Учебная страница курса биоинформатики,
год поступления 2015
Темы и вопросы
1. Мотивы
- Обьясните термины: сигнал, мотив, сильный сигнал, слабый сигнал.
- Что такое консенсус и паттерн (применительно к мотиву в белке или ДНК).
2. Информационное содержание выравнивания
- Мотивировка (зачем нужно понятие информационного содержания)
- Информационное содержание буквы в колонке, колонки выравнивания и выравнивания в целом (формулы)
- Максимальное и минимальное значение информационного содержания колонки
- Грубая оценка числа находок мотива, заданного выравниванием, в случайном банке
- Logo выравнивания
3. Позиционная весовая матрица (PWM)
- Отношение правдоподобия и его логарифм.
- Псевдоотсчёты (pseudocounts): что такое и зачем нужны?
- Как построить PWM по заданному выравниванию?
- Применение PWM для поиска мотивов.
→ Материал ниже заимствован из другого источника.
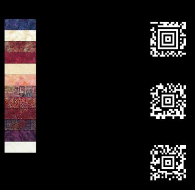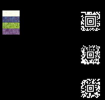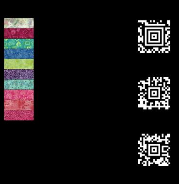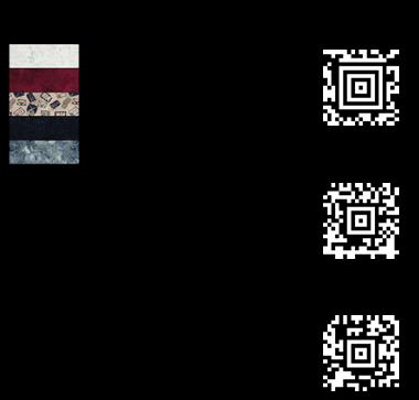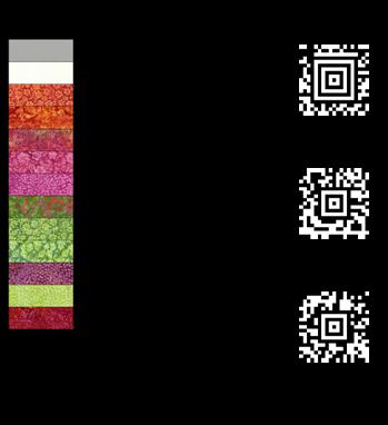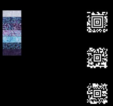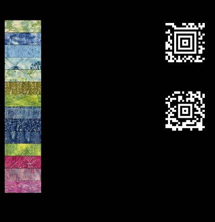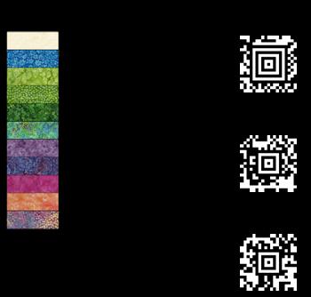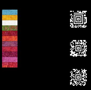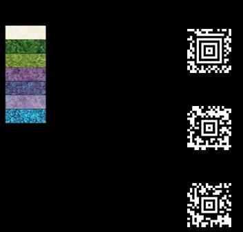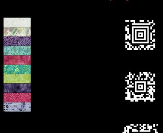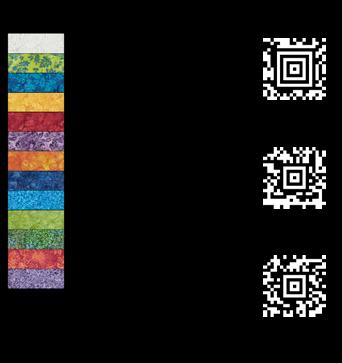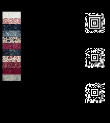 “Order All Fabrics” QR code will order all of the fabrics in the chart to meet the yardage requirements for the number of kits the shop would like; the shop will be given the option to include or exclude Backing and Binding fabrics. If a Backing or Binding fabric is a SKU that has been repeated elsewhere in the chart, a second bolt will be placed on order. Yardages will not be added together. Chart calculations are made with 11 yard and 14 yard bolts to account for varying bolt sizes. Large continuous cuts may require additional bolts.

Вес выравнивания последовательности и позиционной весовой матрицы.
4. Технология поиска сигналов в ДНК
- Поиск сигналов в последовательностях при наличии обучающей выборки.
Поиск мотивов de novo. MEME: что на входе, что на выходе.
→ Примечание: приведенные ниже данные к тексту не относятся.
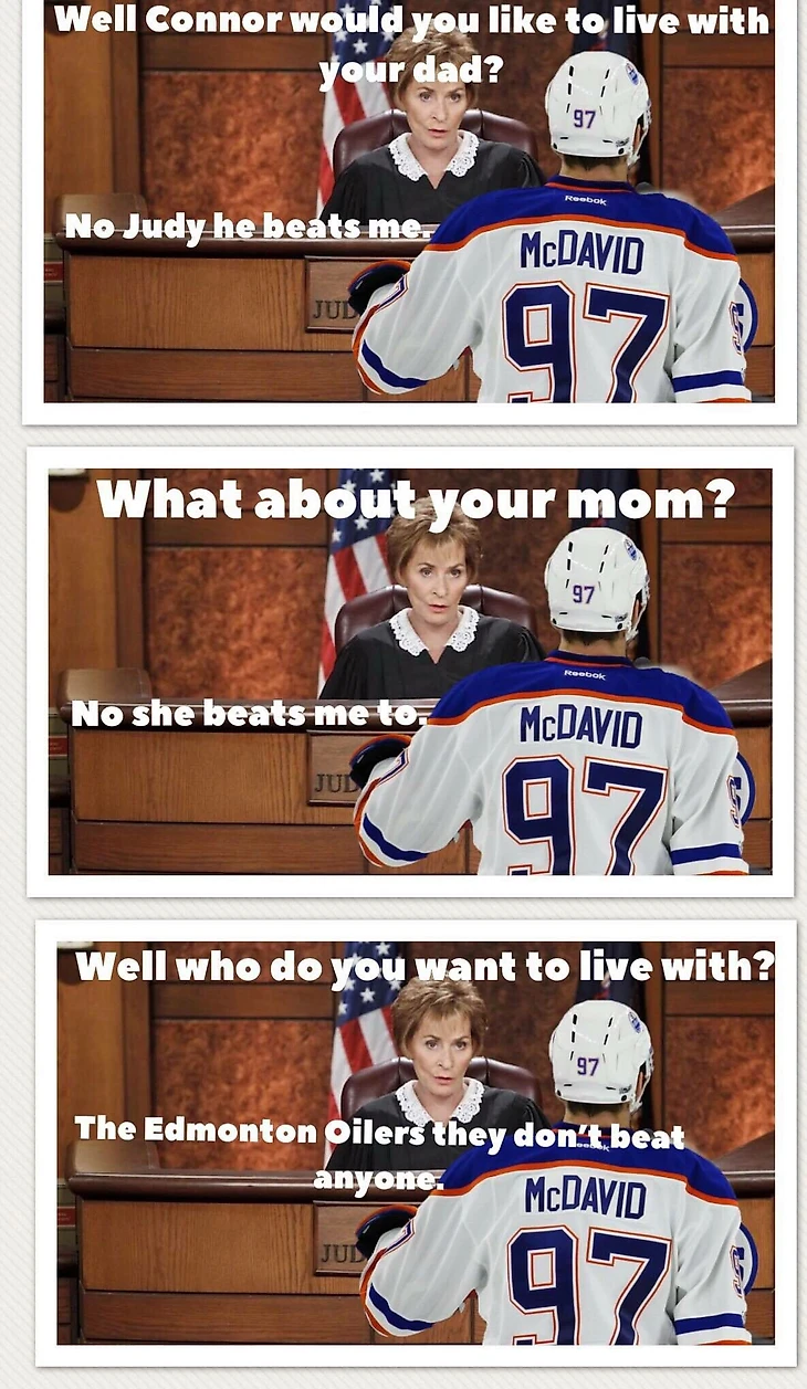 В КС17 Эдмонтон эпически слил ключевой пятый матч серии с Анахаймом. ЭО вёл в счёте 3-0 за 3 с половиной минуты до конца, но пропустил три раза при снятом вратаре соперника. Причём при двух последних шайбах на льду находился КМД. Сомневаюсь, что в истории КС был другой подобный казус. Но главное, что урок не пошёл впрок! В РЧ во встрече тех же соперников ситуация повторилась точь в точь. Анахайм меняет вратаря на полевого игрока и забивает шайбу, в составе Ойлерс в этот момент, как нетрудно догадаться, опять пытался шакальнуть КМД. Вся ветка во главе с Гуллитом угорала над Ойлерс.

- Алгоритм MEME (основные идеи)
- Поиск известного мотива в последовательностях (FIMO или MAST).
- Почему невозможно искать мотивы транскрипционных факторов в полных геномах "автоматически" (например, используя только FIMO)?
- Основы Chip-seq эксперимента. Контроль в Chip-seq эксперименте
- Как искать сигналы в результатах Chip-seq
5. Pfam
- Объясните, что такое эволюционный домен белка и что такое его доменная архитектура.
- Что является единицей хранения в БД Pfam?
6. Технология профилей
- Чем отличаются входные данные для построения HMM-профиля от входных данных для построения PWM?
- Что такое калибровка профиля и зачем она нужна?
- Как устроено решающее правило (принадлежит белок заданному семейству или нет), если семейство описано посредством профиля?
7. ROC-кривая
- Основные показатели качества решающего правила: TP, TN, FP, FN, TPR (син. recall, чувствительность), специфичность, FDR.
- По каким данным и как строится ROC?